Резюмируем: голос Шаляпина физиологически не был феноменом, как, например, голоса Антоновского, польского баса Силича или итальянца Аримонди. Но, скажем тут же, этот голос звучал и ярче, и шире, и мощнее, чем голоса названных певцов: все то, что природа может вложить в человеческий голос для его художественного обогащения, и все, что человек в состоянии в такое богатство привнести от многовековой вокальной культуры, все это в голосе Шаляпина заключалось в полной мере.
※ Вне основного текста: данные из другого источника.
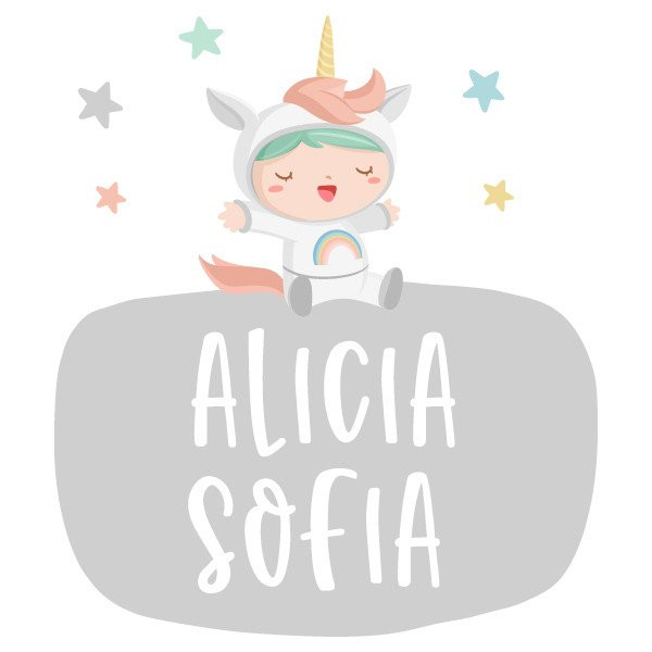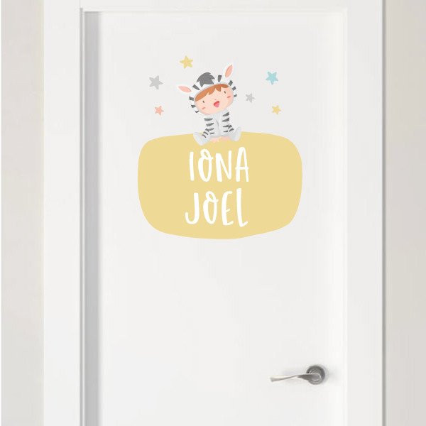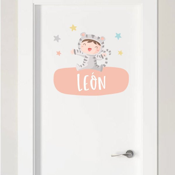 Vinils decoratius personalitzables amb un o dos noms. Tres models diferents per enganxar en portes, parets, mobles, capçals de llit ... Atreveix-te i decora de manera original i afectuosa la nova habitació del teu nadó. Omple-la de tendresa i alegria amb els divertits vinils de la col·lecció; nadons disfressats. Zebres, tigres, unicorns ...

На самых сильных местах, при любом sforzando, напряжение связок Шаляпина, казалось, не выходило за пределы обычного состояния их при разговоре средней силы. Ни при каких условиях нельзя было заметить следы форсировки голоса. Расширение дыхательной струи и ее сужение — вот все, что можно было угадать, но только угадать. Незаметно, без единого толчка, без ступенчатых перерывов звука тоненькая полоска его утолщалась и превращалась в звуковую лаву небывалой, казалось, мощи. И как бы ни была длинна эта нота, — ни одного кикса, ни одной выщербины на идеальной линии, ни одного утолщения на полпути. Всегда и везде ровно расширяющиеся или суживающиеся «вилки» crescendo и decrescendo.
Термины для тембра — «металлический» (светлый, режущий, яркий) и «матовый» — понятия очень растяжимые. Привлечем поэтому для сравнения тембры артистов, в сравнительно недавнем прошлом хорошо известных в нашей стране,— первоклассных певцов Касторского и Тартакова. Первый обладал тембром благородно-металлическим, второй — матовым. Шаляпинский голос находился на полпути между ними, он был достаточно благородно-металличен и в меру матовый. Отсюда родилось определение «бархатный», то есть мягкий, не колющий металлом; отсюда же всеобъемлющее и исключающее какие бы то ни было сравнения, чаще всего применяемое определение «шаляпинский», — иначе говоря, единственный, неповторимый.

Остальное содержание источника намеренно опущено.